Course description: The course begins with an overview of the fundamental concepts of graph theory, followed by an in-depth discussion of some classical topics as well as some aspects of a current area: information theoretic graph theory.

Topics covered: (tentative)

1. Basics: Graphs, degrees, paths and cycles, independent sets, cliques, isomorphism, subgraphs, complement of a graph, trees, breadth-first search, depth-first search, applications.
2. Trees: Prüfer code, Cayley’s theorem, exchange properties of spanning trees, Kruskal’s algorithm, Matrix-tree Theorem.
3. Orientations and Eulerian tours: Königsberg bridges problem, Euler’s theorem
4. Hamilton cycles: Hamiltonian cycles and paths, necessary conditions, sufficient conditions (Dirac, Ore, Pósa, Chvátal)

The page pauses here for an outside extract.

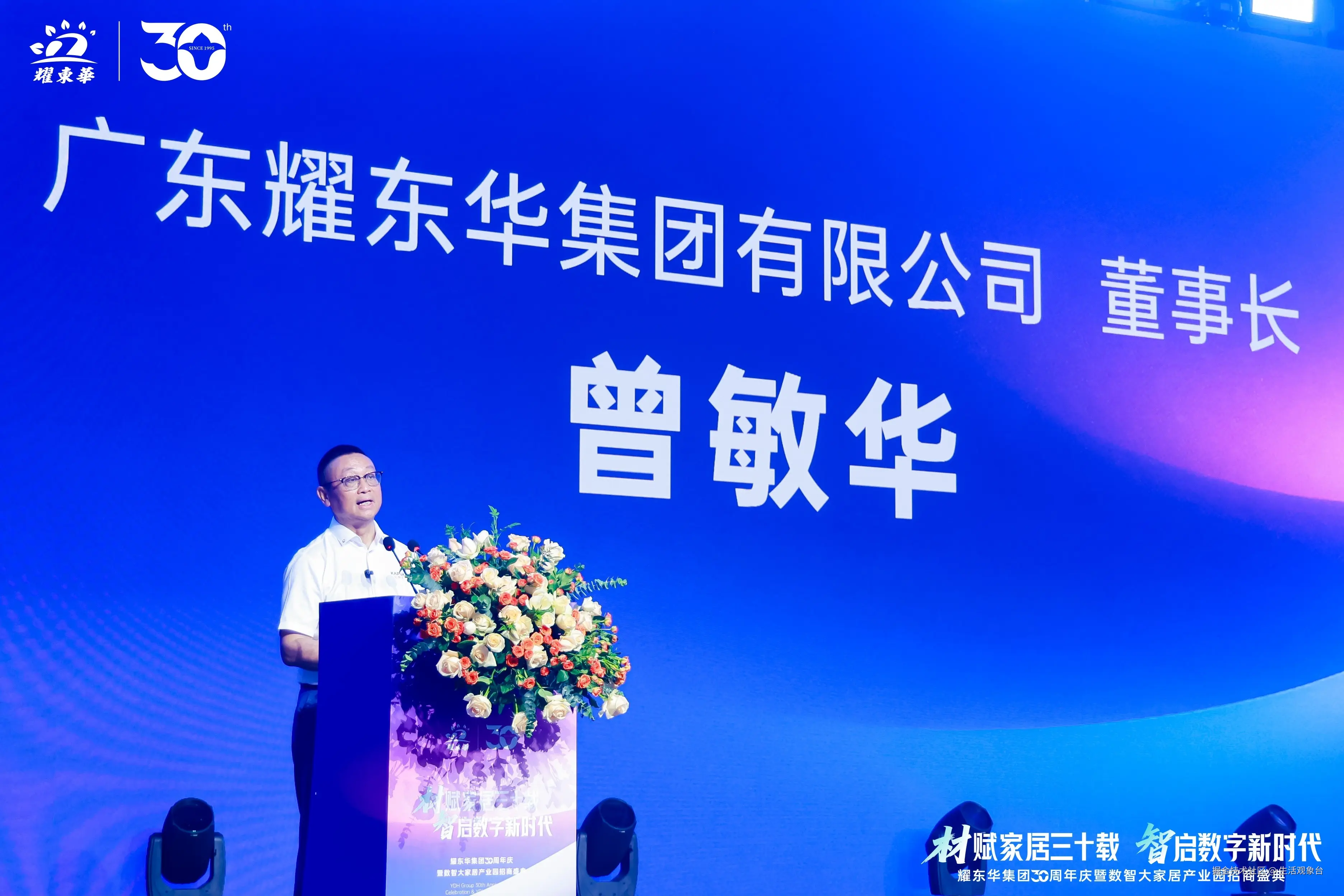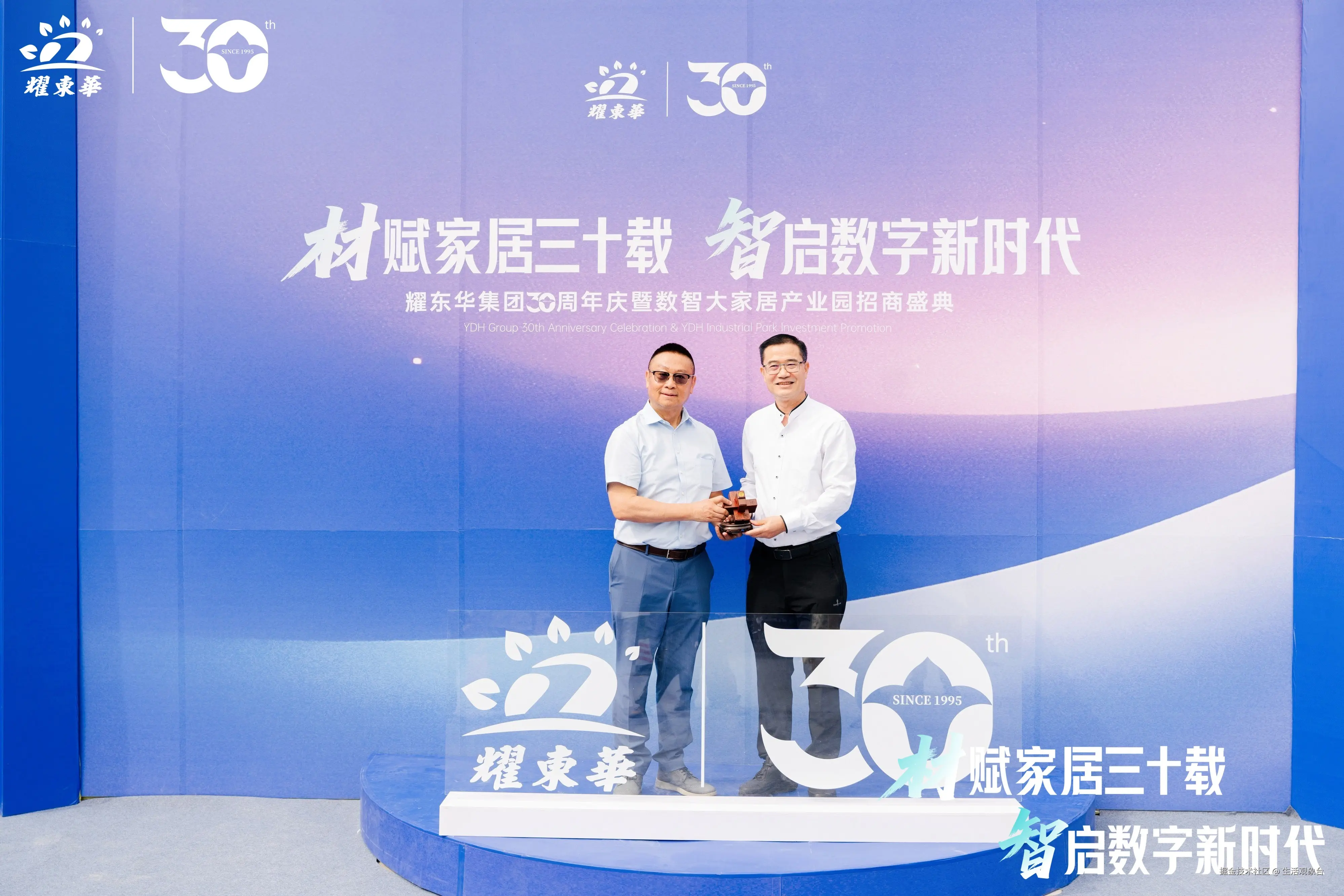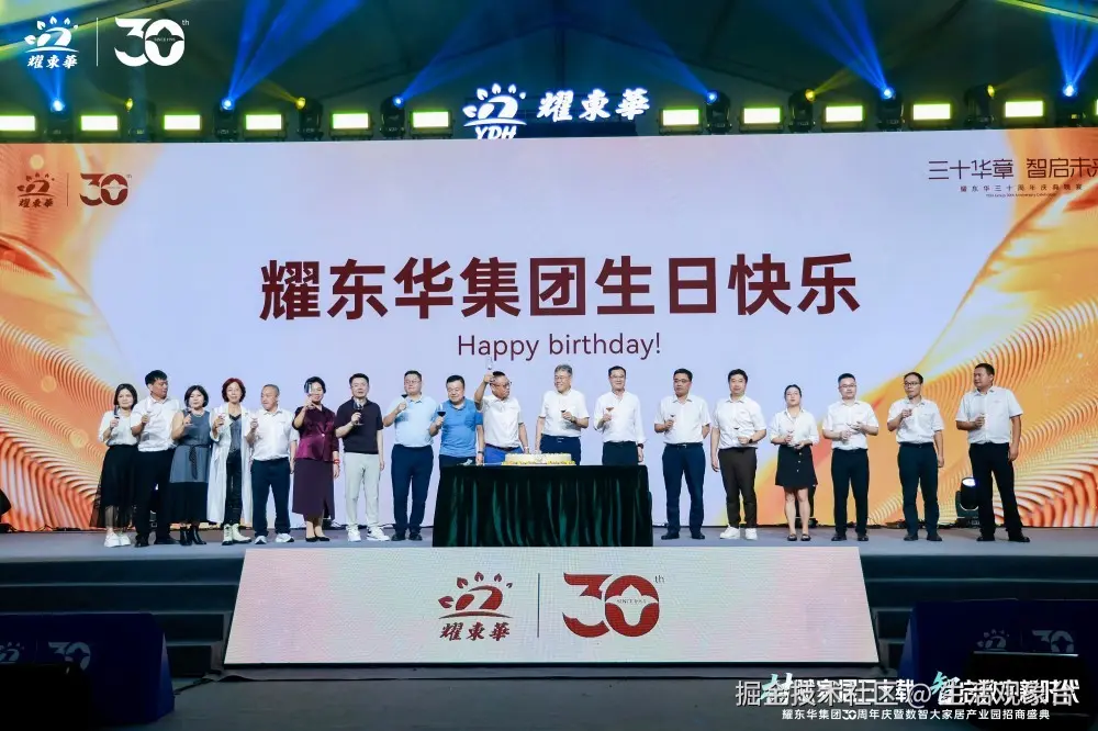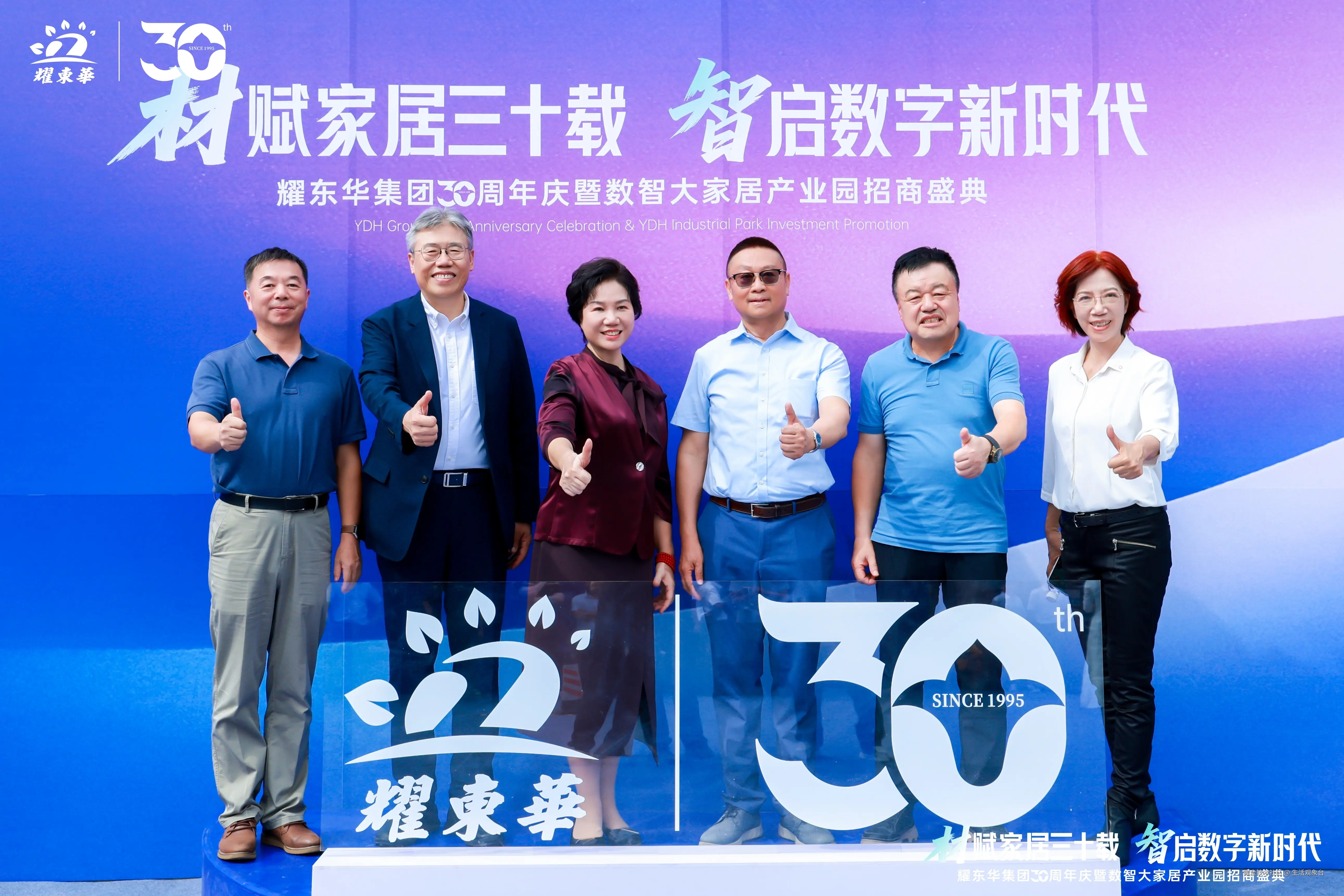 2025年9月28日,耀东华集团迎来创立三十周年的重要时刻。在耀东华科技产业园内,一场以“材赋家居三十载,智启数字新时代”为主题的庆典隆重举行。500余位嘉宾齐聚一堂,行业协会领导、海内外合作伙伴代表、高校产学研专家、全球供应链代表以及社会各界朋友,共同见证这一里程碑式的荣耀时刻。
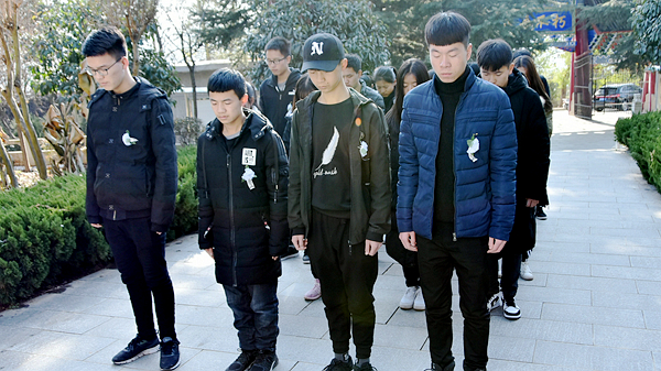 在莘子苑,學生會、新青年通訊社的學子們伴隨著雄壯的國歌聲,全體齊唱中華人民共和國國歌,并集體默哀一分鐘,哀悼罹難的同胞。學生代表郝志杰作主題發(fā)言。他說,作為當代大學生,應(yīng)學習歷史,反思歷史,牢記歷史,勿忘國恥,決不能忘卻歷史,忘卻苦難,還要立志成才,學好扎實本領(lǐng),自覺把個人的理想追求融入國家和民族的事業(yè)中,做社會主義建設(shè)者和接班人。隨后,參加活動的全體人員還一起閱讀愛國書籍,從書中回顧民族歷史,增強愛國熱情,并紛紛在“銘記歷史 勿忘國恥”的橫幅上簽字表態(tài),表明他們不忘歷史、愛國奮進的堅定決心。

5. Shortest paths: PERT method, Dijsktra’s algorithm, Gallai’s theorem
6. Matchings: Kőnig-Hall-Frobenius theorem, Kőnig’s algorithm, stable matchings, Gale-Shapley algorithm, Tutte’s theorem, matchability of a subset
7. Colorings: Chromatic number and clique number, Mycielski’s construction, Brooks’ theorem, edge-chromatic number, Vizing’ theorem, list colorings, chromatic polynomial, unit distance graph.
8. Flows: Max Flow-Min Cut Theorem, Menger’s theorems, disjoint paths between terminal pairs, nowhere-zero flows, balanced orientations
9. Planar graphs: Four Color Theorem, Euler’s formula, bounding the number of edges of planar graphs, Kuratowski’s theorem, graph minors, Wagner’s theorem, Five Color Theorem.
10. Higher connectivity: Highly edge- and node-connected graphs, block decompositions, ear decompositions.
11. Partially ordered sets: Dilworth’s theorems.
12. Perfect graphs: Basic examples, perfectness of comparability graphs, the Perfect Graph Theorem, the Strong Perfect Graph Theorem.